[Opening Given records section]

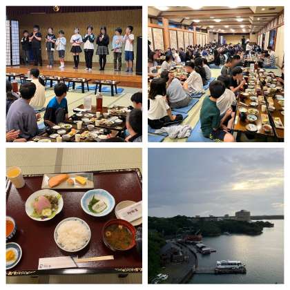 6年生の修学旅行は2日目の朝を迎えました。朝食をとり、部屋の掃除をしたあと、鳥羽水族館に向かいます。
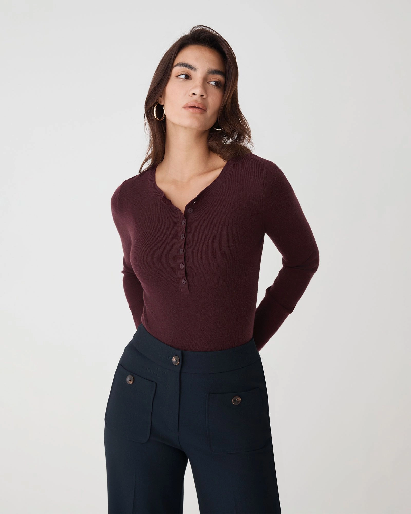 The Henley Button Up Knit offers natural warmth with a breathable, lightweight feel. The deep crew neckline and front placket with shell buttons add subtle detail, while the fitted silhouette provides a clean, polished look. This long sleeve knit is the ideal base layering piece for the winter season.
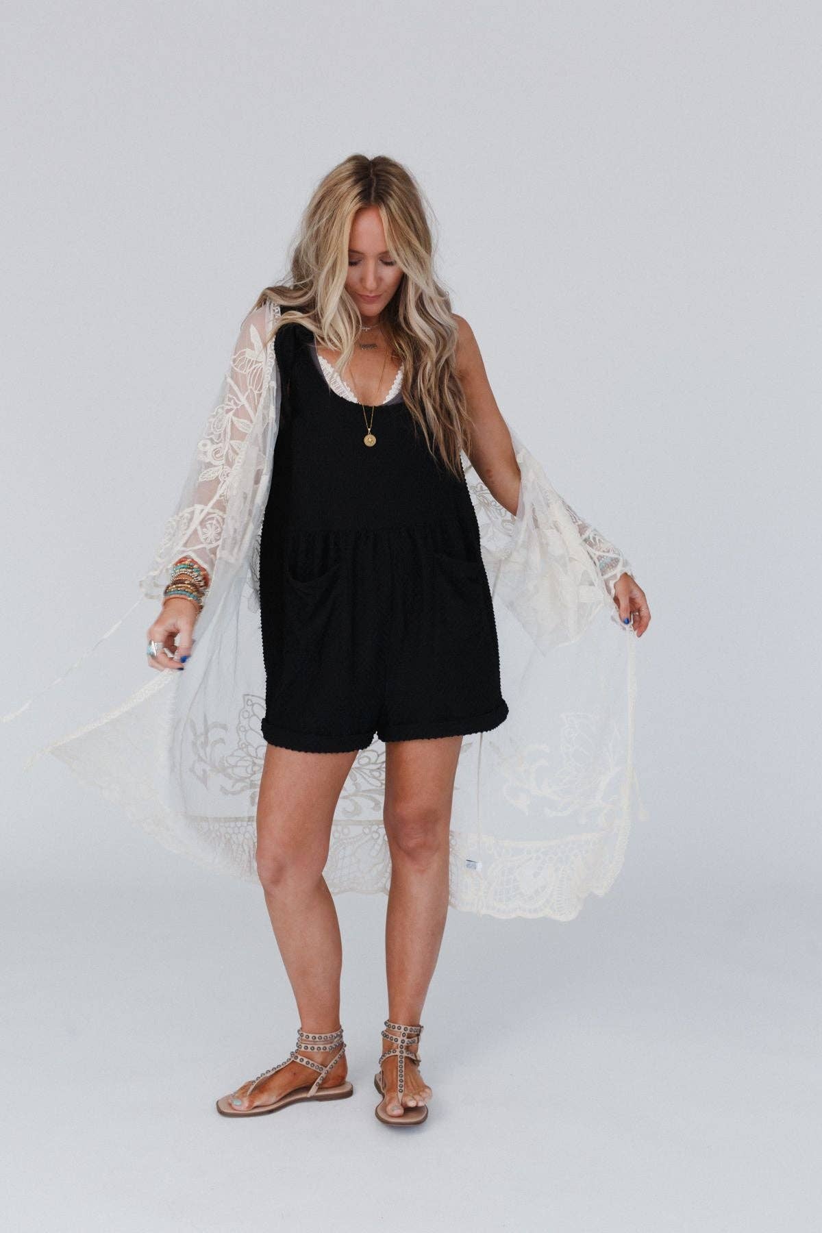 Kimono uni en crochet avec ourlet à franges OYM049 en vente B2B
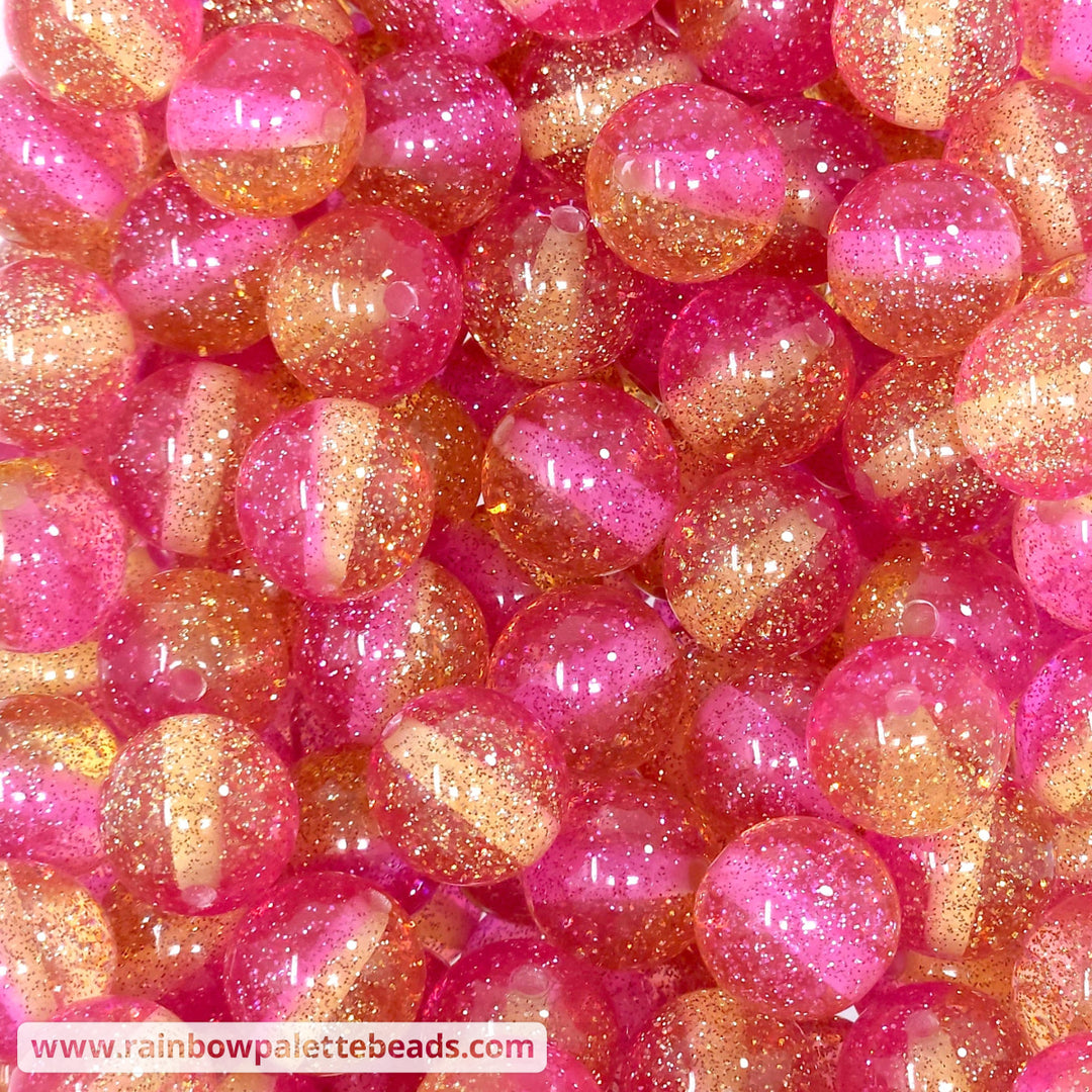 16mm Pink/Green Duos Glitter Acrylic Beads
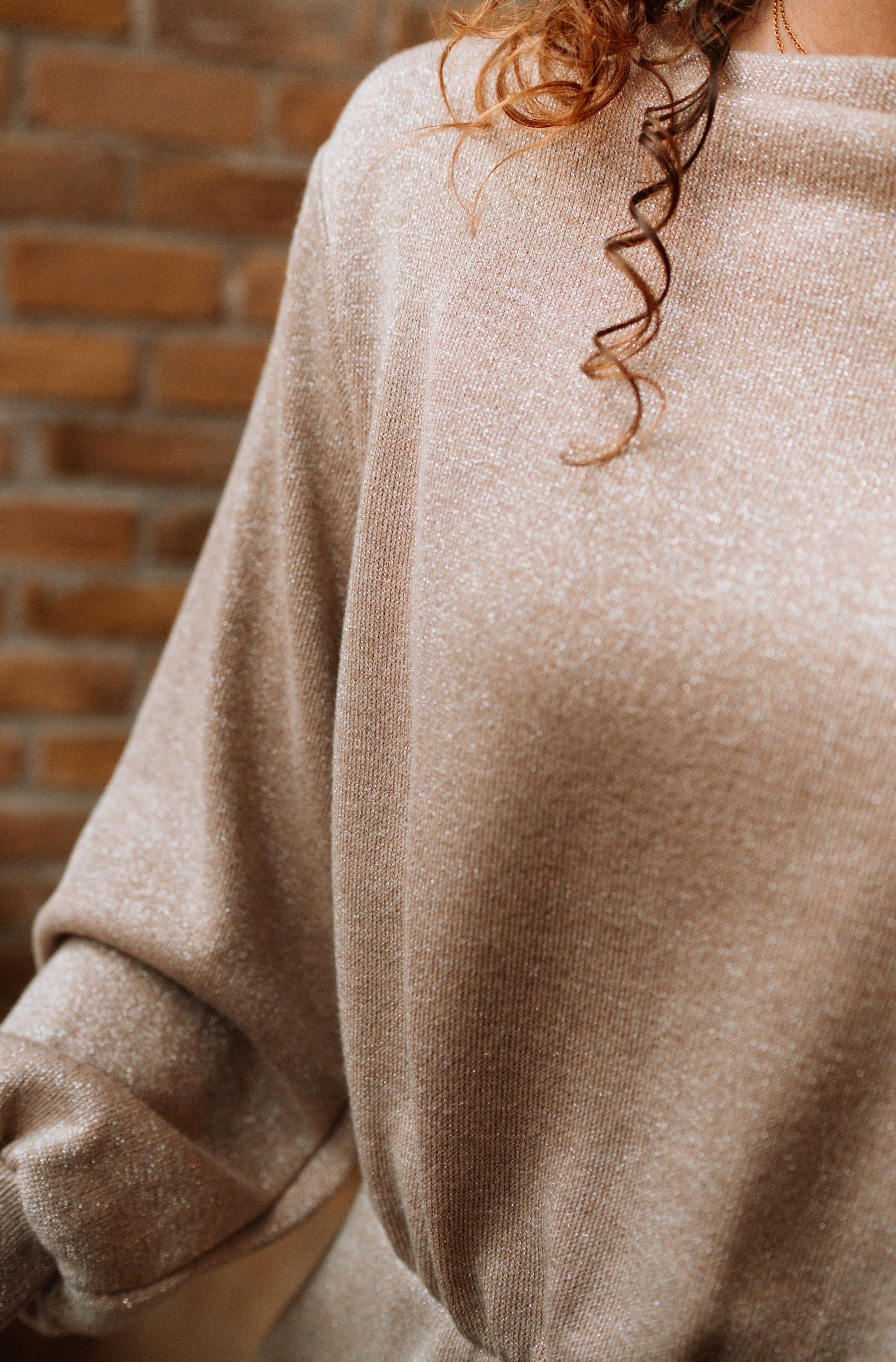 Deze jurk van Amelie & Amelie heeft een elastiek in de taille waardoor je een blouson-effect creeert. De jurk heeft een zilverdraad in de stof

[Closing Given records section]

Task statement:
Your output should consist solely of the lines from the line containing "Kimono uni en" through the last line of the entries, verbatim, minus any pictures.

Task solution:
 Kimono uni en crochet avec ourlet à franges OYM049 en vente B2B
 16mm Pink/Green Duos Glitter Acrylic Beads
 Deze jurk van Amelie & Amelie heeft een elastiek in de taille waardoor je een blouson-effect creeert. De jurk heeft een zilverdraad in de stof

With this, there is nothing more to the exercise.